PROMPT: Copy exactly the lines of the material below that fall between the line with "Afficher tous les" and the line with "簡述: 蠔式女裝腕錶/ 號:179171/", both of those lines included; pictures stay out.

THE DATA:

--- START ---

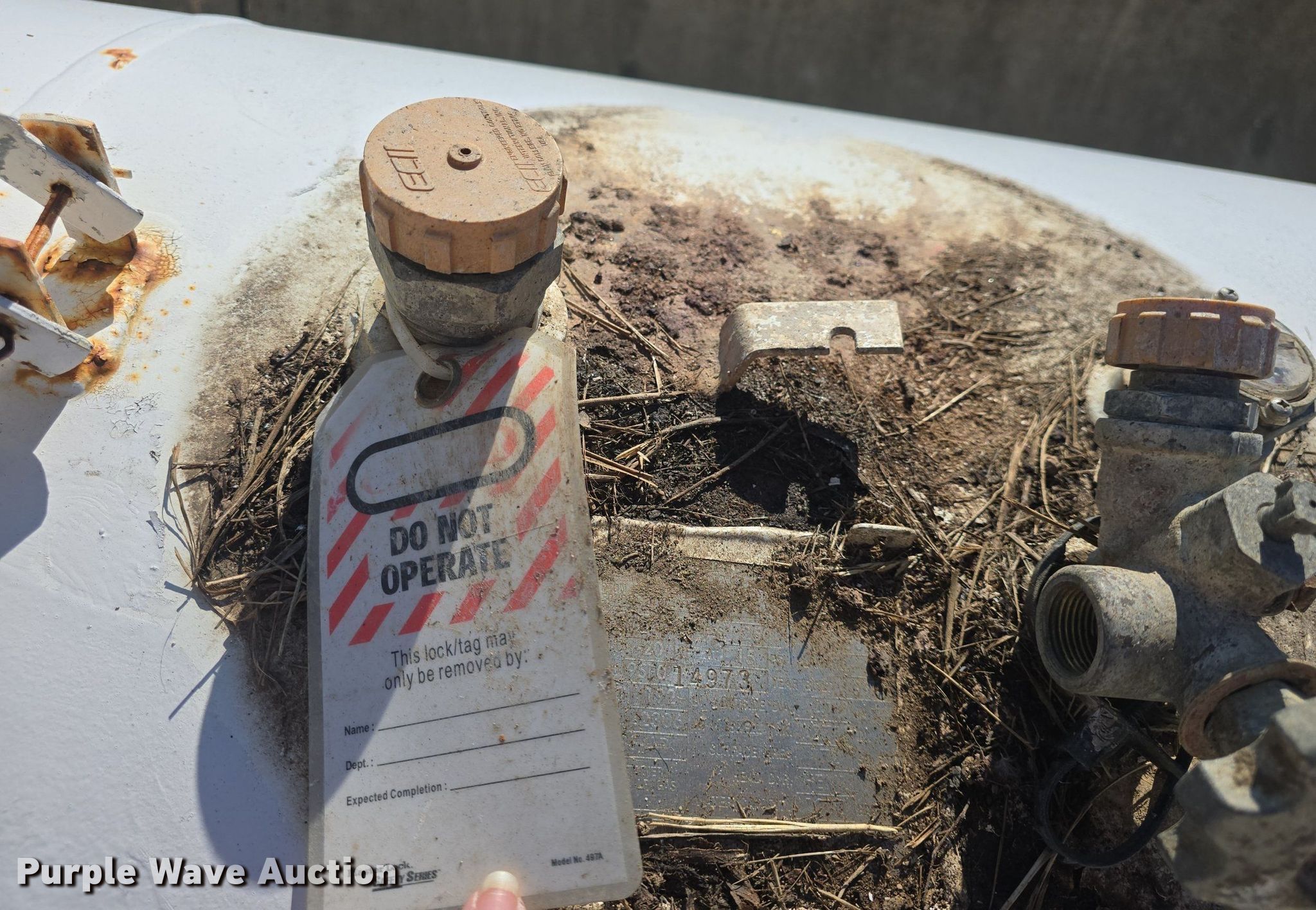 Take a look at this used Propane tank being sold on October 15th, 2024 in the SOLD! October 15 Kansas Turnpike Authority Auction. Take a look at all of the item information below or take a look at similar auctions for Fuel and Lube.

--- END ---
--- START ---

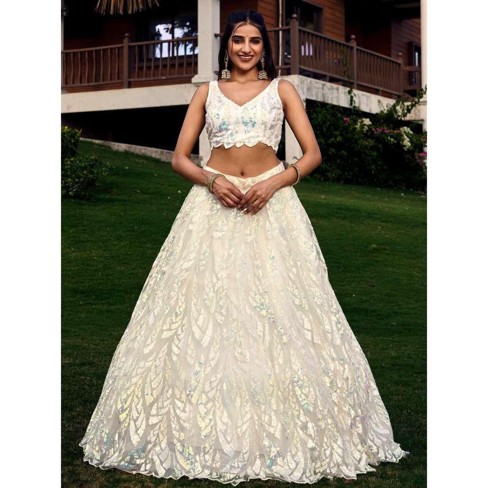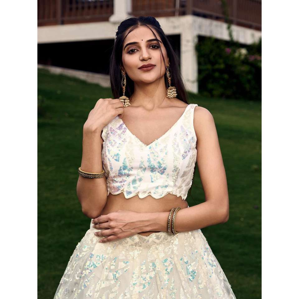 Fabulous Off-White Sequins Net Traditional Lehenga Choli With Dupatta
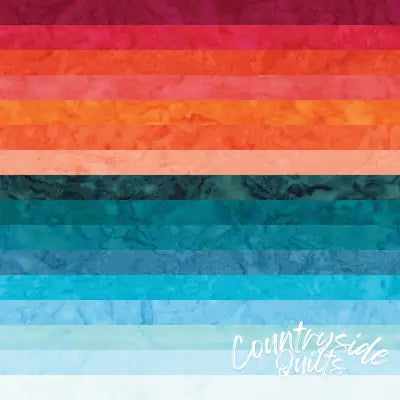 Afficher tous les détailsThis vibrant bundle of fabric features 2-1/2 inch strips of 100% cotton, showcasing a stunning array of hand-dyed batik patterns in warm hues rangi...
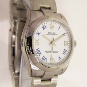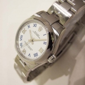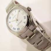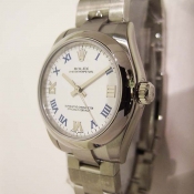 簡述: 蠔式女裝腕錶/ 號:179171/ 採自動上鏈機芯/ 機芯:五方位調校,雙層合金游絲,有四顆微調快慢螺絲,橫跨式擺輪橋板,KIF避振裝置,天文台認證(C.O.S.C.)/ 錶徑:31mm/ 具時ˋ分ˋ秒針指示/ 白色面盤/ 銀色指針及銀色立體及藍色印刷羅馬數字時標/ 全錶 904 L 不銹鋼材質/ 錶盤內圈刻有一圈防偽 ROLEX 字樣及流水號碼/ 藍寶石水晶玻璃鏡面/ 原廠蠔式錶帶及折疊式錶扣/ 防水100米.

--- END ---

SOLUTION TO THIS PROBLEM:
 Afficher tous les détailsThis vibrant bundle of fabric features 2-1/2 inch strips of 100% cotton, showcasing a stunning array of hand-dyed batik patterns in warm hues rangi...
 簡述: 蠔式女裝腕錶/ 號:179171/ 採自動上鏈機芯/ 機芯:五方位調校,雙層合金游絲,有四顆微調快慢螺絲,橫跨式擺輪橋板,KIF避振裝置,天文台認證(C.O.S.C.)/ 錶徑:31mm/ 具時ˋ分ˋ秒針指示/ 白色面盤/ 銀色指針及銀色立體及藍色印刷羅馬數字時標/ 全錶 904 L 不銹鋼材質/ 錶盤內圈刻有一圈防偽 ROLEX 字樣及流水號碼/ 藍寶石水晶玻璃鏡面/ 原廠蠔式錶帶及折疊式錶扣/ 防水100米.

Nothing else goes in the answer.